A leaf subroutine is one that does not call any other subroutine. A simpler calling method might be used for the leaf subroutines.
A leaf subroutine uses only the first six out registers, and the global registers %g0 and %g1.
A leaf routine does not execute a save or a restore instruction. e.g. of such subroutines: .mul, .div, etc.
Here, the return address is (%o7 + 8), (and not %i7 + 8)

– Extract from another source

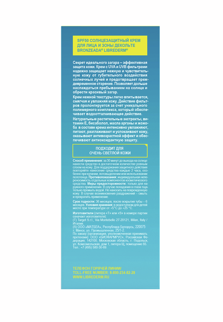 Крем Librederm солнцезащитный для лица и зон декольте Spf50, 50мл

There is a synthetic instruction for that:
retl ==> jmpl %o7, 8, %g0
If the subroutine foo in the previous example is written as a leaf subroutine, then it should have the following code:
define(a8_s, arg8_s)
define(a7_s, arg7_s)
define(a6_r, o5)
define(a5_r, o4)
define(a4_r, o3)
define(a3_r, o2)
define(a2_r, o1)
define(a1_r, o0)
.global _foo
_foo: add %a2_r, %a1_r, %o0 !o0 = first + second
add %a3_r, %o0, %o0 !o0 += third argument
add %a4_r, %o0, %o0 !o0 += fourth argument
add %a5_r, %o0, %o0 !o0 += fifth argument
add %a6_r, %o0, %o0 !o0 += sixth argument
ld [%sp + a7_s], %o1 !the seventh argument
add %o1, %o0, %o0 !o0 += seventh argument
ld [%sp + a8_s], %o1 !the eighth argument
retl
add %o1, %o0, %o0 !o0 += eighth argument
swap (int *x, int *y)
{ int temp;
temp = *x;
*x = *y;
*y = temp;
}
The corresponding assemply code is given below:
define(x_s, -4)
define(y_s, -8)
.global _main
_main: save %sp, (-64 -8) & -8, %sp
mov 5, %o0
st %o0, [%fp + x_s] !x = 5
mov 7, %o0
st %o0, [%fp + y_s] !y = 7
add %fp, x_s, %o0 !pointer to x in %o0
call _swap
add %fp, y_s, %o1 !pointer to y in %o1
ret
restore
.global _swap ! a leaf routine
_swap: ld [%o0], %o2 !%o2 = x
ld [%o1], %o3 !%o3 = y
st %o2, [%o1]
retl
st %o3, [%o0]
If x and y are initially stored in registers, then a few modifications to the code are required, as shown below:
define(x_r, l0) ! x in %l0
define(y_r, l1) ! y in %l1
define(x_s, -4) ! where x might be stored on the stack
define(y_s, -8) ! where y might be stored on the stack
.global _main
_main: save %sp, -72, %sp
mov 5, %x_r !x = 5
mov 7, %y_r !y = 7 , now call swap
st %x_r, [%fp + x_s] ! place args on stack
st %y_r, [%fp + y_s]
add %fp, x_s, %o0 !pass pointers to args on stack
call _swap
add %fp, y_s, %o1
ld [%fp + x_s], %x_r !move values back into reg.
ld [%fp + y_s], %y_r
ret
restore
.global _swap ! a leaf routine
_swap: ld [%o0], %o2 !%o2 = x
ld [%o1], %o3 !%o3 = y
st %o2, [%o1]
retl
st %o3, [%o0]
The principle design decision supporting efficiency is the fact that instructions in the SPARC architecture are constant size. Each instructions occupies a single word, 32 bits. This allows the instruction fetch unit to be very simple and fast. For each instruction executed, the i-fetch unit simply gets one word from memory.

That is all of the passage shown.